Disney’s theme park revenue saw revenue decline by 37 percent in its fiscal year ending Sept. 30 — hardly a surprise, considering the sustained impact of the COVID-19 pandemic on Disney parks worldwide. 

Disney’s Parks, Experiences and Products segment ended fiscal 2020 with 16.5 billion in revenue, down from $26.2 billion in 2019. The Walt Disney Company as a whole posted a net loss of $710 million for its fourth quarter and a net loss of $2.83 billion for the year. 

It’s the first time the company has reported an annual loss since 1980. Disney estimated that the pandemic cost the company $7.4 billion in operating income in the fiscal year, $6.9 billion of it coming from the theme parks division. 

Disney CEO Bob Chapek singled out the continued closure of Disneyland as a sore spot, describing the guidelines released by California Gov. Gavin Newsom’s administration as an “arbitrary standard” that is “decimating” small businesses around Disneyland. 

“We are extremely disappointed that the state of California continues to keep Disneyland closed despite our proven track record,” Chapek said on Thursday’s quarterly earnings call. 

Disney chief financial officer Christine McCarthy later said that Disney now expects Disneyland’s theme parks to remain closed through at least the rest of the calendar year. The two parks have been closed since mid-March. 

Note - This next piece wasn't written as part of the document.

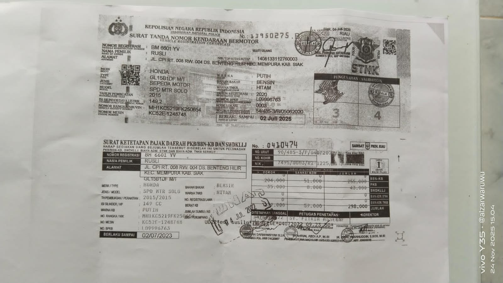 SIAK, Suaraaspirasi.com – Telah Hilang Satu Buah Buku Pemilik Kendaraan Bermotor (BPKB) Kendaraan Roda Dua dengan rincian sebagai berikut :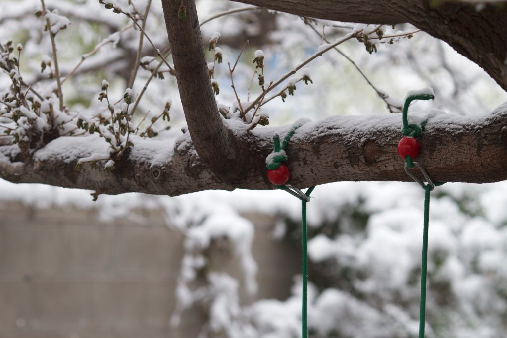 Rakes branches on the window.

Chapek sounded more optimistic about the rest of Disney parks, saying each park is making a net positive contribution — essentially, that means each resort is losing less money being open under COVID-19 restrictions than it would lose remaining closed. 

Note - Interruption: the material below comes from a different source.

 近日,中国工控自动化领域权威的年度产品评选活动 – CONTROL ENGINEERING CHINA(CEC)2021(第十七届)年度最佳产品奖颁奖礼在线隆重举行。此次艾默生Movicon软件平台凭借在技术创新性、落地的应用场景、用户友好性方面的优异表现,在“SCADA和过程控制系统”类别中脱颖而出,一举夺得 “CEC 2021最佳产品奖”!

Disney World has seen strong advance bookings for the upcoming holidays, according to Chapek, and the resort has become more efficient regarding COVID restrictions, allowing park capacity to be increased to 35 percent of maximum while still adhering to CDC guidelines. 

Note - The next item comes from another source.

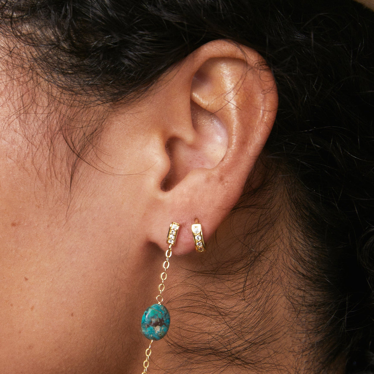 These Daphne Huggies Gold by fyb bring effortless elegance with a radiant twist. Designed for day-to-night wear, these gleaming hoops hug the ear just right, while the high-grade cubic zirconia adds a touch of sparkle. A refined choice for those who favor subtle luxury.

“It shows the love that guests have for our experiences that we have within our parks and the tremendous IP that we have as a company have, but I also think it speaks to the trust that people have, given the track record that we now have after months of operating across the globe with very stringent guidelines,” Chapek said. 

Chapek did not address the 28,000 layoffs that were implemented across the company’s Parks, Experiences, and Products division in the last month. He also did not address reports that salaries were restored for he and other Disney executives before mass layoffs were announced. 

For Disney Cruise Line fans, Chapek said there is now “a light at the end of the tunnel” thanks to new CDC guidelines for cruise ships, but he did not give a date when Disney will sail again. 

The pandemic has altered the timetable for the line’s three new ships. Chapek said the first new ship, the Disney Wish will now debut in summer 2022, followed by launches in 2024 and 2025 for the other two newcomers joining the Disney fleet.